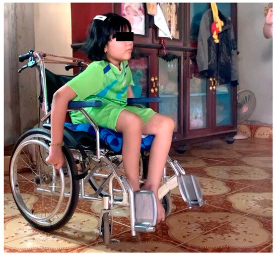 Table 4, along with Figure 1 and Figure 2, presents the levels ADL and the living conditions for Participant A. Participant A lived with her parents and older brother, and her grandmother’s sister and other relatives lived next door. As of March 2023, she was not enrolled in school, so she spent most of her time at home during the day, either in a wheelchair or sitting on the floor, watching TV, playing mobile phone games, and drawing pictures. She could move her wheelchair by herself, but very slowly. She attended the SEC’s district learning center about once a week for rehabilitation, and another part of her daily routine was to self-propel her wheelchair, which she was granted in August 2020, to her next-door relative’s house. When she goes out to the local temple or shopping center, she rides the side car of a motorcycle driven by a family member while sitting in her wheelchair. When she had not started school, her mother taught her to read, write, and perform simple mathematics at home. She could sit in her wheelchair for approximately two hours at a time. Although she does not feel pain, her legs become edematous after sitting for long periods. The frequency of transfers was 2–3 times per day. She can sit up and relieve pressure on her own; however, her mother assists her in all the transfers and getting in and out of her wheelchair.
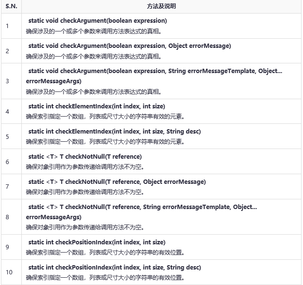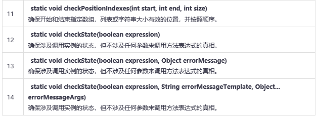 Preconditions提供静态方法来检查方法或构造函数,被调用是否给定适当的参数。它检查的先决条件。其方法失败抛出IllegalArgumentException。
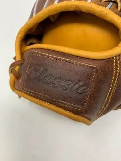 This classic 11.25 inch baseball glove is made with tan stiff American Kip leather, grey split welt, and anchor laces. One piece web, open back, light weight, and stiff leather make this glove great for infield or just playing catch.
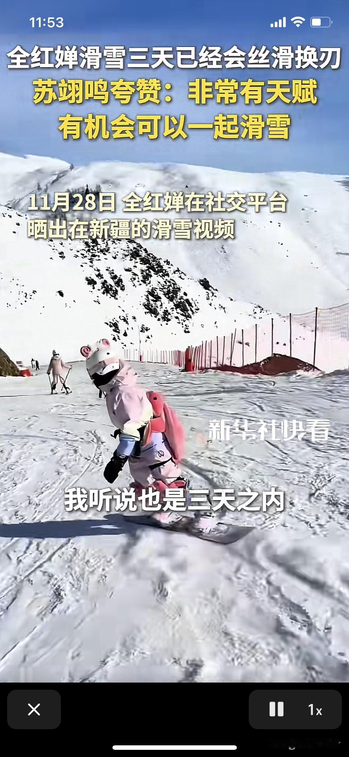 全红婵三天学会滑雪。 全红婵就是有运动天赋。学什么都快。聪明的婵宝宝。真喜欢你。
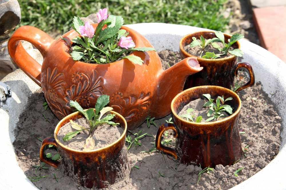 Благодаря таким оригинальным клумбам, вполне можно составлять целые композиции.
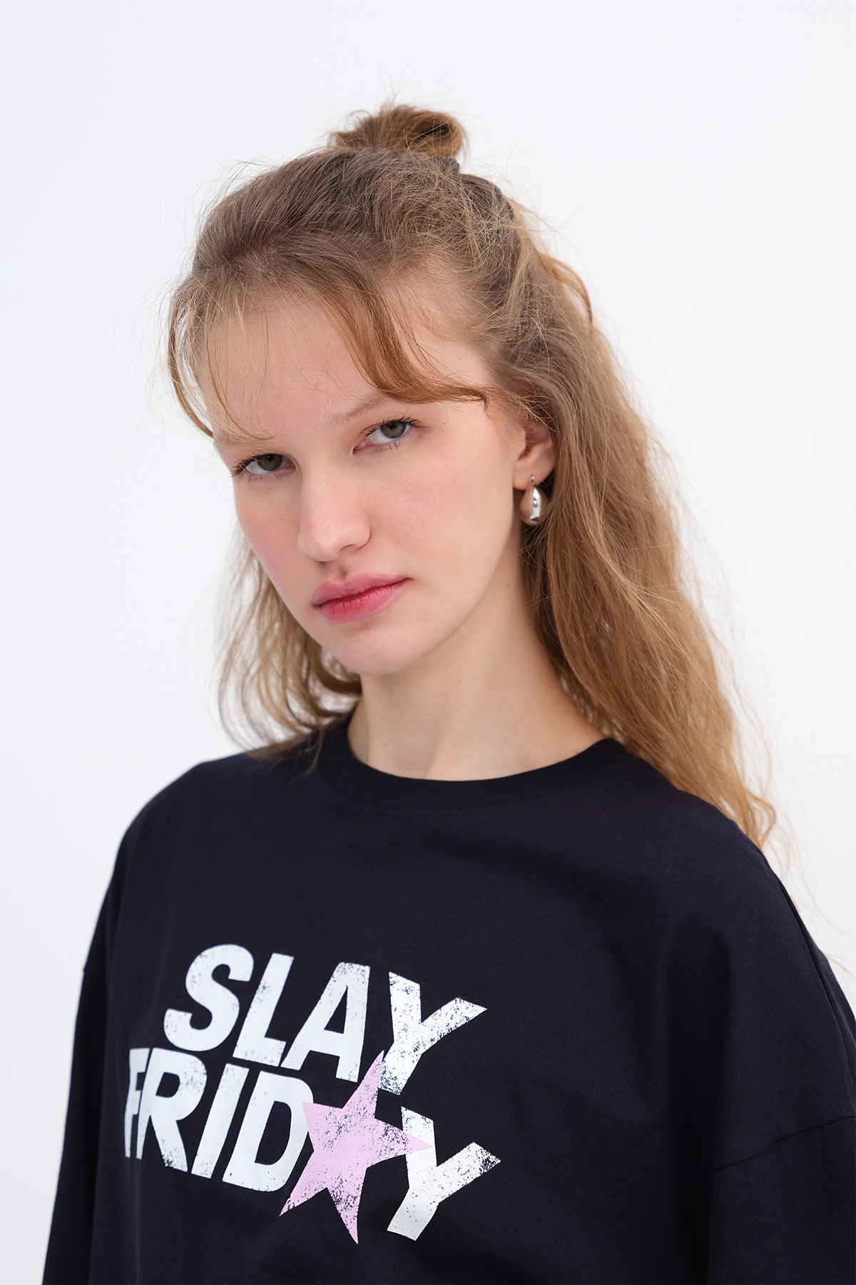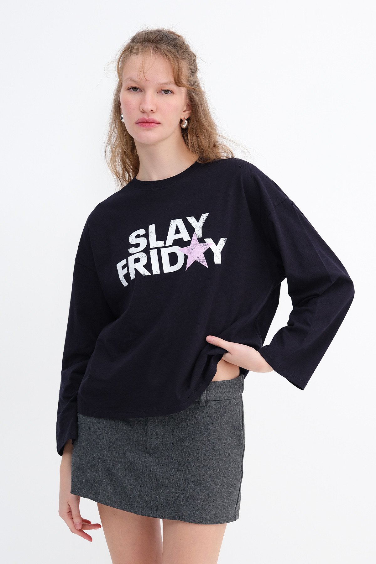 * Baskılı, rahat kalıp t-shirt,

ACTION ITEM: The range to set down runs from the line containing "全红婵三天学会滑雪。 全红婵" through the final line of the data, both ends included; give it exactly and drop the pictures.

RESPONSE AREA:
 全红婵三天学会滑雪。 全红婵就是有运动天赋。学什么都快。聪明的婵宝宝。真喜欢你。
 Благодаря таким оригинальным клумбам, вполне можно составлять целые композиции.
 * Baskılı, rahat kalıp t-shirt,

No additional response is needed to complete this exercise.